(Instructions for the task): Line by line, print the records exactly, and keep images out of the copy.
=== Records for the task ===
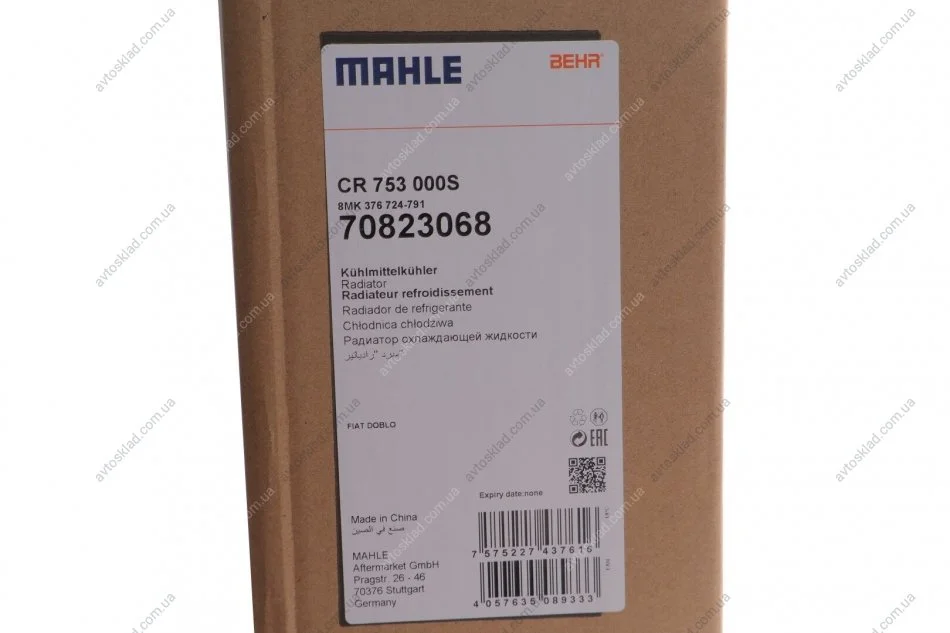 Радіатор охолодження MAHLE / KNECHT CR 753 000S
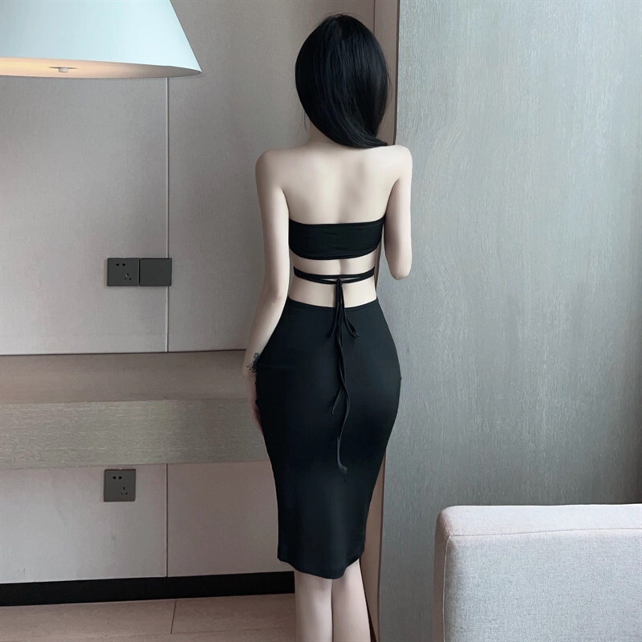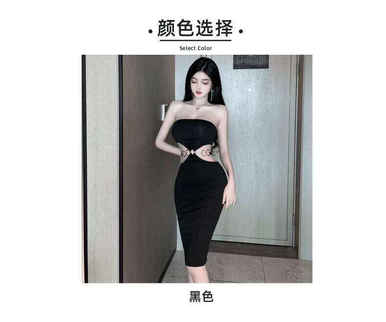 ナイトクラブの女性の夜の作業服オーバーオール黒のセクシーな中空アウトウエストワンショルダーチューブトップドレス ブラック yeyij92214603479
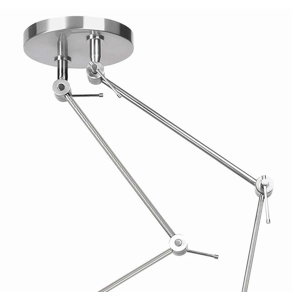 Bevindt het lichtpunt zich niet boven de tafel of wil je flexibel zijn met de plek van de tafel? Deze zeer functionele plafondlamp heeft 2 armen die overal naar toe te bewegen zijn. Voorzien van veel scharnier punten om de kappen daar naar toe te bewegen waar u wilt. Deze hanglamp is een ideale lamp als uw lichtpunt zich niet op de juiste plek bevindt.
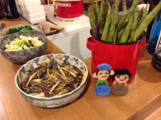 他にも、紅ショウガと豚肉の天ぷら、春雨サラダ、かぶのゆかり和え、ピーマンの肉巻きフライ、ワラビのめんつゆ漬けなどなどございます。
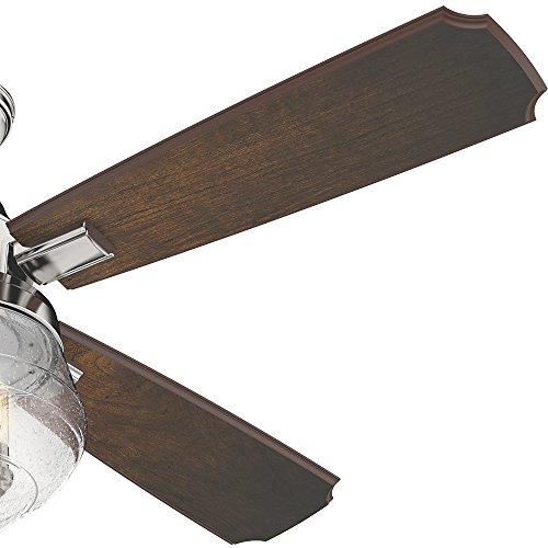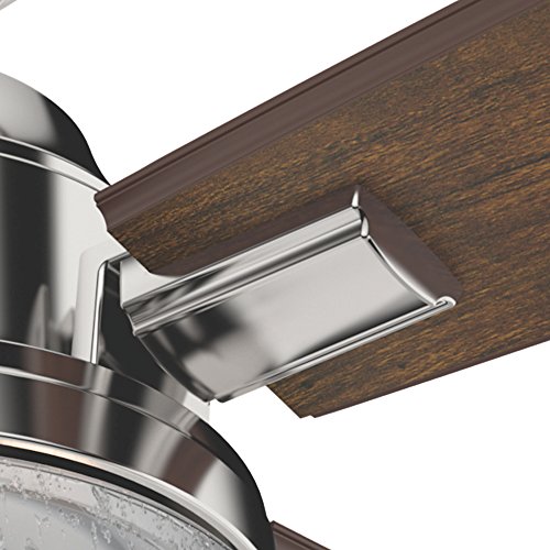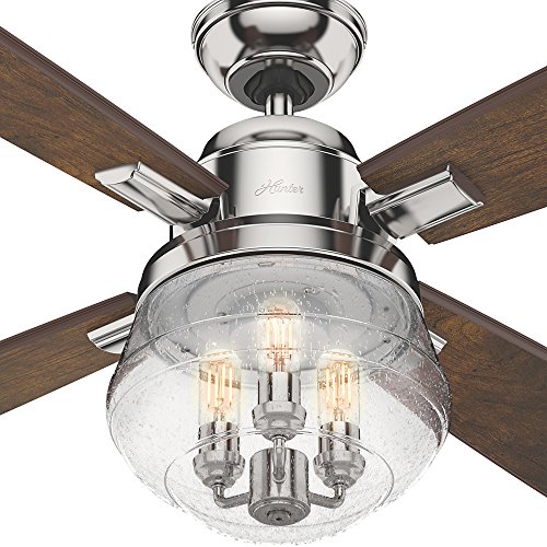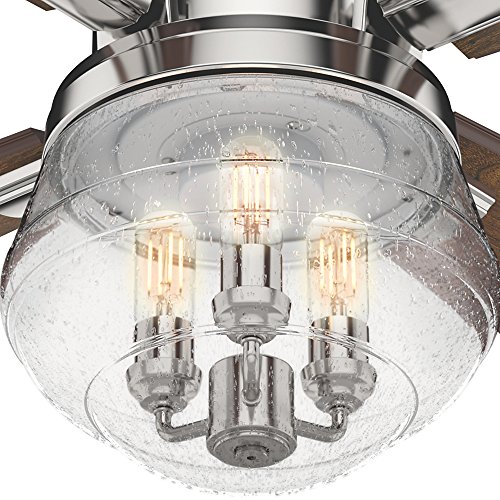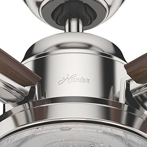 The glamorous Sophia is a unique artistic statement like no other ceiling fan. The Polished Nickel and premium carved-wood blades highlight the centerpiece of the design: a beautiful globe of seeded glass surrounding a chandelier-style light fixture with exposed LED bulbs. This trendy fan is part of hunter’s masterpiece collection, which means state-of-the-art design and top-of-the-line features like dimmable bulbs and a fully functional handheld remote.
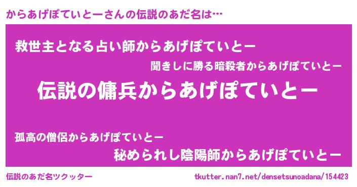 | 意味不明あだ名 | 『自称からあげぽていとー』 |
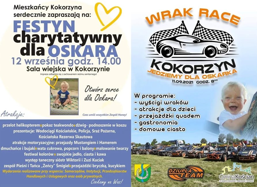 Przed nami dwie imprezy charytatywne dla dziewiętnastomiesięcznego Oskara z Kokorzyna: w sobotę Wrak Race, w niedzielę festyn.
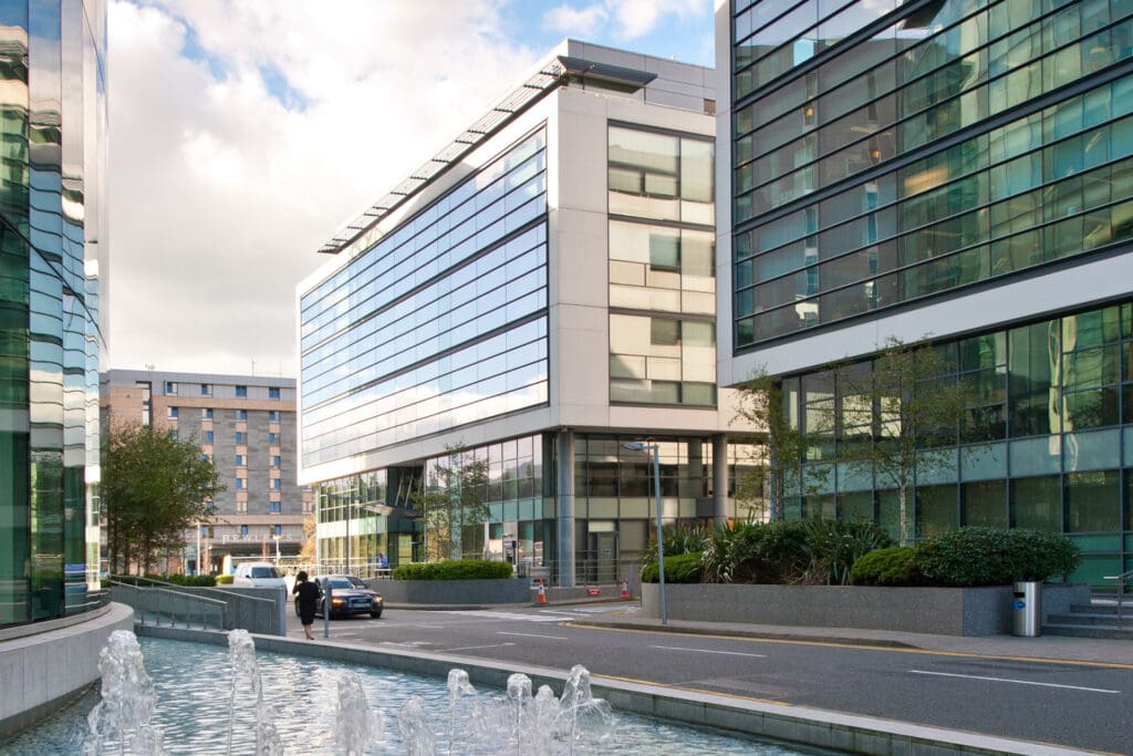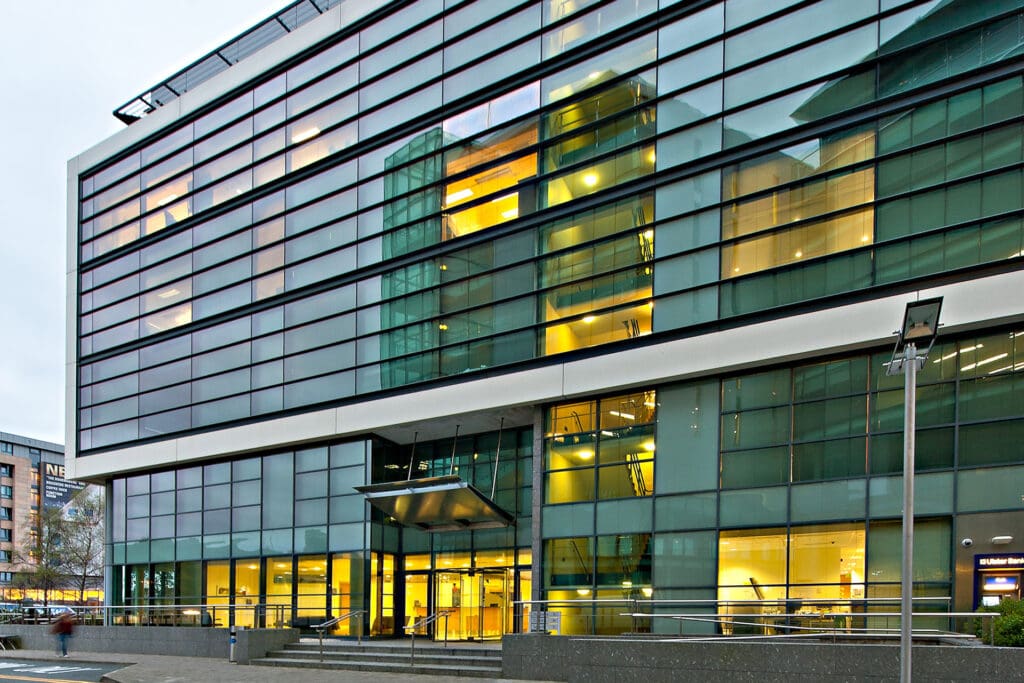 The building has been fitted out to a high standard to include a gym and café as well as a spiral staircase and bridges through the atrium linking either side of the floor plate.
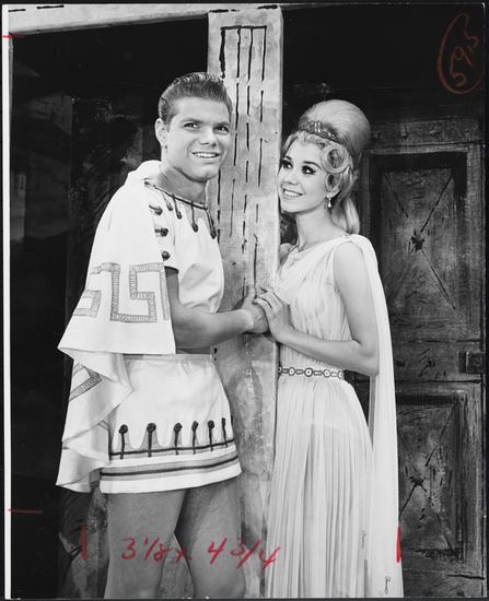[Gloria Kristy as Gymnasia and Zero Mostel as Prologus in "A Funny Thing Happened on the Way to the Forum".]
===
(Exercise result):
 Радіатор охолодження MAHLE / KNECHT CR 753 000S
 ナイトクラブの女性の夜の作業服オーバーオール黒のセクシーな中空アウトウエストワンショルダーチューブトップドレス ブラック yeyij92214603479
 Bevindt het lichtpunt zich niet boven de tafel of wil je flexibel zijn met de plek van de tafel? Deze zeer functionele plafondlamp heeft 2 armen die overal naar toe te bewegen zijn. Voorzien van veel scharnier punten om de kappen daar naar toe te bewegen waar u wilt. Deze hanglamp is een ideale lamp als uw lichtpunt zich niet op de juiste plek bevindt.
 他にも、紅ショウガと豚肉の天ぷら、春雨サラダ、かぶのゆかり和え、ピーマンの肉巻きフライ、ワラビのめんつゆ漬けなどなどございます。
 The glamorous Sophia is a unique artistic statement like no other ceiling fan. The Polished Nickel and premium carved-wood blades highlight the centerpiece of the design: a beautiful globe of seeded glass surrounding a chandelier-style light fixture with exposed LED bulbs. This trendy fan is part of hunter’s masterpiece collection, which means state-of-the-art design and top-of-the-line features like dimmable bulbs and a fully functional handheld remote.
 | 意味不明あだ名 | 『自称からあげぽていとー』 |
 Przed nami dwie imprezy charytatywne dla dziewiętnastomiesięcznego Oskara z Kokorzyna: w sobotę Wrak Race, w niedzielę festyn.
 The building has been fitted out to a high standard to include a gym and café as well as a spiral staircase and bridges through the atrium linking either side of the floor plate.
[Gloria Kristy as Gymnasia and Zero Mostel as Prologus in "A Funny Thing Happened on the Way to the Forum".]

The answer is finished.